Guidelines for Working with Tables
- Design For Uniform Data Access Across Items In Your Tables
- Understand Partition Behavior
- Use Burst Capacity Sparingly
- Distribute Write Activity During Data Upload
- Understand Access Patterns for Time Series Data
- Cache Popular Items
- Consider Workload Uniformity When Adjusting Provisioned Throughput
- Test Your Application At Scale
This section covers some best practices for working with tables.
Design For Uniform Data Access Across Items In Your Tables
The optimal usage of a table's provisioned throughput depends on these factors:
The primary key selection.
The workload patterns on individual items.
The primary key uniquely identifies each item in a table. The primary key can be simple (partition key) or composite (partition key and sort key).
When it stores data, DynamoDB divides a table's items into multiple partitions, and distributes the data primarily based upon the partition key value.

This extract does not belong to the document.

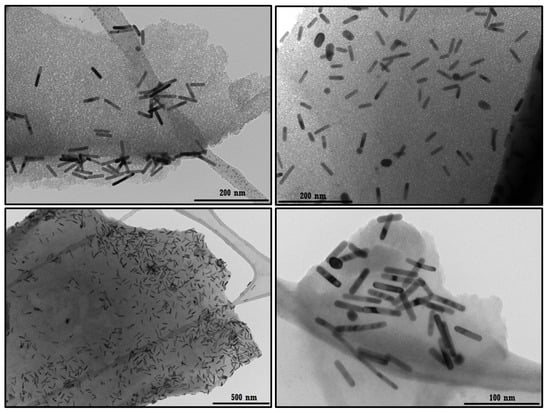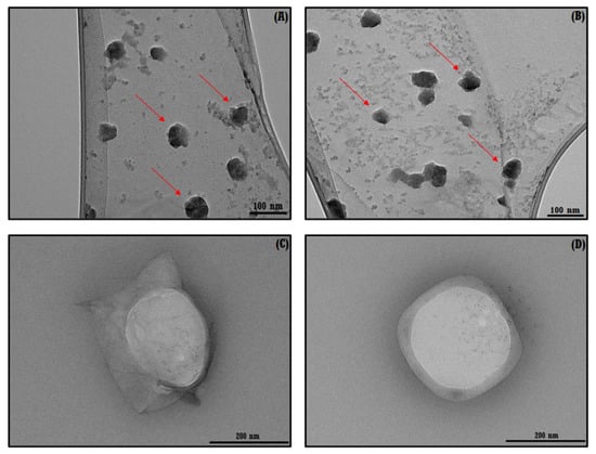 TEM images of NSs (A,B), NSs–MPH (C), and NSs–CUR (D). The red arrows (A,B) highlight some of the synthesized NSs.

The provisioned throughput associated with a table is also divided evenly among the partitions, with no sharing of provisioned throughput across partitions.
Total Provisioned Throughput / Partitions = Throughput Per Partition
Consequently, to achieve the full amount of request throughput you have provisioned for a table, keep your workload spread evenly across the partition key values. Distributing requests across partition key values distributes the requests across partitions.
For example, if a table has a very small number of heavily accessed partition key values, possibly even a single very heavily used partition key value, request traffic is concentrated on a small number of partitions – potentially only one partition. If the workload is heavily unbalanced, meaning that it is disproportionately focused on one or a few partitions, the requests will not achieve the overall provisioned throughput level. To get the most out of DynamoDB throughput, create tables where the partition key has a large number of distinct values, and values are requested fairly uniformly, as randomly as possible.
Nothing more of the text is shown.